I am a Technical Supervisor for an outdoor theatre. We use Mipro wireless system. My issue with the wireless belt packs is that actors break the cable connection at the base of the belt pack on a reoccurring basis. We have attempted everything to prevent this. The cables are expensive to replace. My thought was to have actors wear suspenders under their costumes and attach the beltpack on their upper back. But I was thinking that another way to eliminate pressure against the connection to the belt pack was to more or less put the belt pack in a hard sleeve. Something that will slide over the top and protect that connection. Does anyone have any ideas of something that would be cheap and easy to use?


----------



## chausman (Jan 25, 2012)

Create a loop in the cable and use a rubber band to keep the loop.

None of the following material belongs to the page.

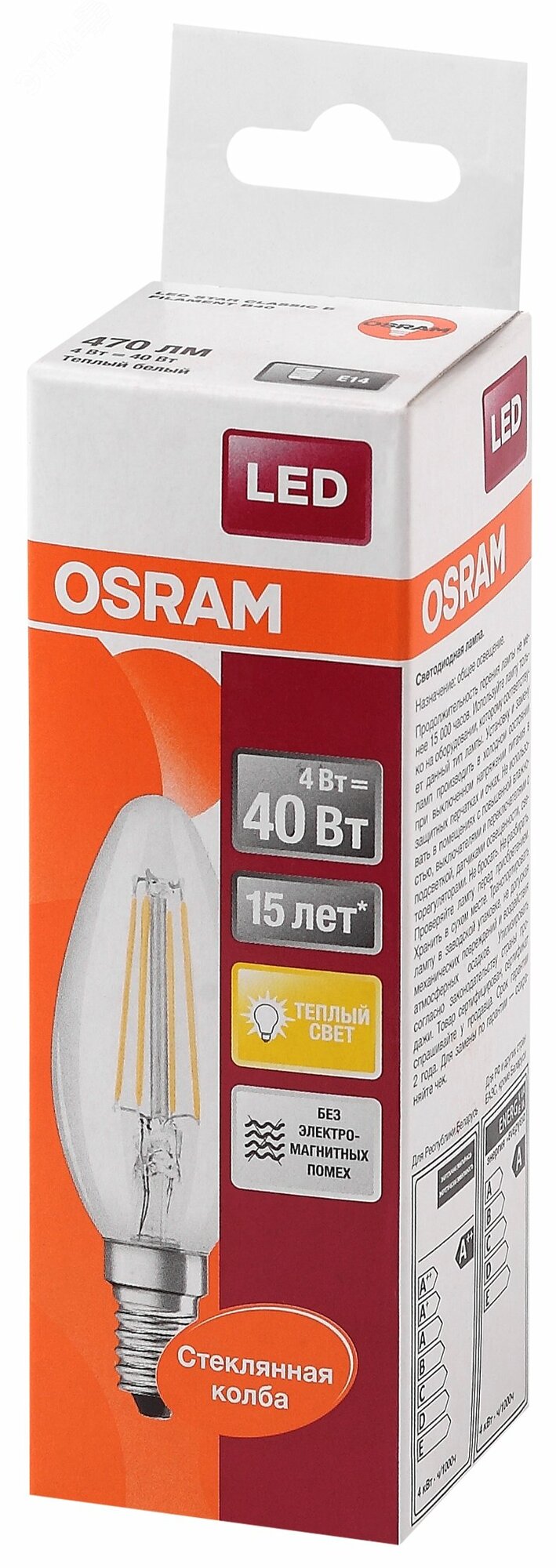 Лампа светодиодная 4 Вт филаментная E14 CLB40 700K 470Лм прозрачная 220 В свеча LS 4058075068353 OSRAM интересное:

Then they "should" not put as much pressure on the connections. Also make sure that EVERYONE knows that when you put the Mics away, you NEVER wrap the cable tightly, as that also causes damage quickly.


----------



## MarshallPope (Jan 25, 2012)

chausman said:


> Create a loop in the cable and use a rubber band to keep the loop. Then they "should" not put as much pressure on the connections. Also make sure that EVERYONE knows that when you put the Mics away, you NEVER wrap the cable tightly, as that also causes damage quickly.


 
If I was paid extra for every time I've given the "no wrapping" speech during each given production...


----------



## pacman (Jan 26, 2012)

MarshallPope said:


> If I was paid extra for every time I've given the "no wrapping" speech during each given production...


 
Ditto, ditto!!!


----------



## jonliles (Jan 27, 2012)

That's exactly why I store my elements in individual zip top bags. They stay loose in the bag and the bag keeps them from getting interwined with the cables of other elements. One portable file cabinet later, everything is safe in their own bags


----------



## JohnD (Apr 16, 2018)

I recently posted a link to this thread and the naked guys mic pac thread to another forum where this issue came up.
PSW
Here is an idea I hadn't seen before (post #9):


----------



## NickVon (Apr 16, 2018)

I prefer between the shoulder blades for Men and Women at all times, unless costume design becomes problematic. For women the rear bra strap height (or Bicep height, at middle of the back is great for Element and connection longevity. For men I don't have the X-elastic strap someone else mentioned, and just ask the actors to wear the elastic belts and neoprene belt "Above your the belly" and around your chest. It's not a BELT to hold your pants up, and will feel more comfortable and secure around the part of your body that doesn't flex. "It's also generally good for most stage action minus forward somersaults. Inside of the inner thigh i've done 3-4 times for tight or revealing fancy dress. Can we at least demand that all men are equipped with a under bra as part of their costumes?


----------



## jonliles (Apr 16, 2018)

JohnD said:


> I recently posted a link to this thread and the naked guys mic pac thread to another forum where this issue came up.
> PSW
> Here is an idea I hadn't seen before (post #9):View attachment 16256



I have a tone of old beer coozies!


----------